晴れ、時々、運命のいたずら



「ここです。」



島根が真っ白なビルの前で立ち止まった。


重厚な扉がしっかりと閉じてある。



「ここがスタジオになります。」



「すごーい…。」



その扉を見ただけで千夏は唖然として開いた口が塞がらないようだ。



「さあ、どうぞ」



島根が扉を開けて、2人を中に入るように促した。



「これは…。」



愛姫は思わず口に手を当てて目を見開いた。


目の前に広がるのは20畳以上はあるであろうフローリングのスタジオだった。


そのスタジオで10名ほどの若い女性達が鏡の前で先生らしき女性の手拍子に合わせて踊っている。



「ここがダンススタジオです。
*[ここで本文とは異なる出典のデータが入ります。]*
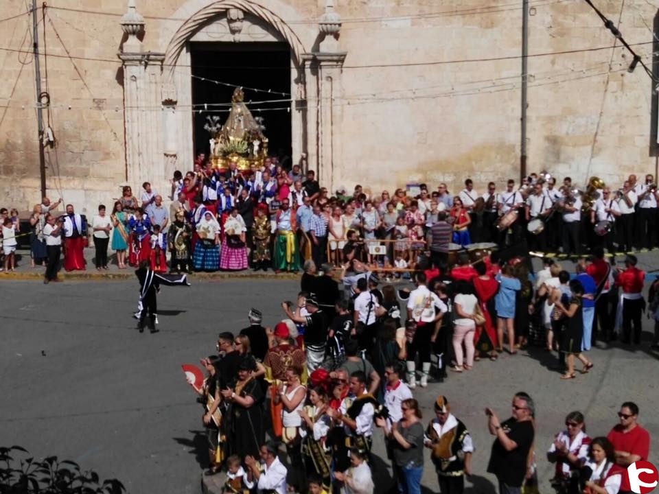 Finalizada la Santa Misa y, en la Plaza de Santiago, han sido rodadas, por los respectivos Alféreces Infantiles de cada comparsa, sus banderas al compás del pasodoble “La Morenica”, interpretado por la Banda de Música de la Comparsa de Estudiantes; a la vez que los niños y jóvenes de la Comparsa de Moros Viejos portaban las andas de la Virgen que presidía el ruedo infantil. A continuación los cargos infantiles se han trasladado al comienzo del acto del desfile de la Esperanza, acompañados por la Banda de Música de la Comparsa de Estudiantes.

」



島根が紹介すると同時に奥を指差す。



「あちらにはレコーディングスタジオ、ボイストレーニング室があります。」



そのまま奥のレコーディングスタジオに入る。


音響器具や、マイク、ベースやギターも置かれてある。



「テレビでしか見た事ないから、実際に見ると、壮大よね~。」



千夏は興味本位に一つ一つ機材を眺め、手に取る。



「これから、愛姫さんは毎日、ここでレッスンを受けてもらう事になります。」



島根が話しながら手帳を確認した。



「ボイストレーニング1時間、ダンスレッスン3時間、またボイストレーニング1時間が基本となり、あとは、合間にパートナーとの呼吸合わせや、ここのスタッフとの打ち合わせ等が1日の主な流れになります。」



再び手帳を鞄に戻すと、スタジオの脇にある2階へ通じる階段を指差した。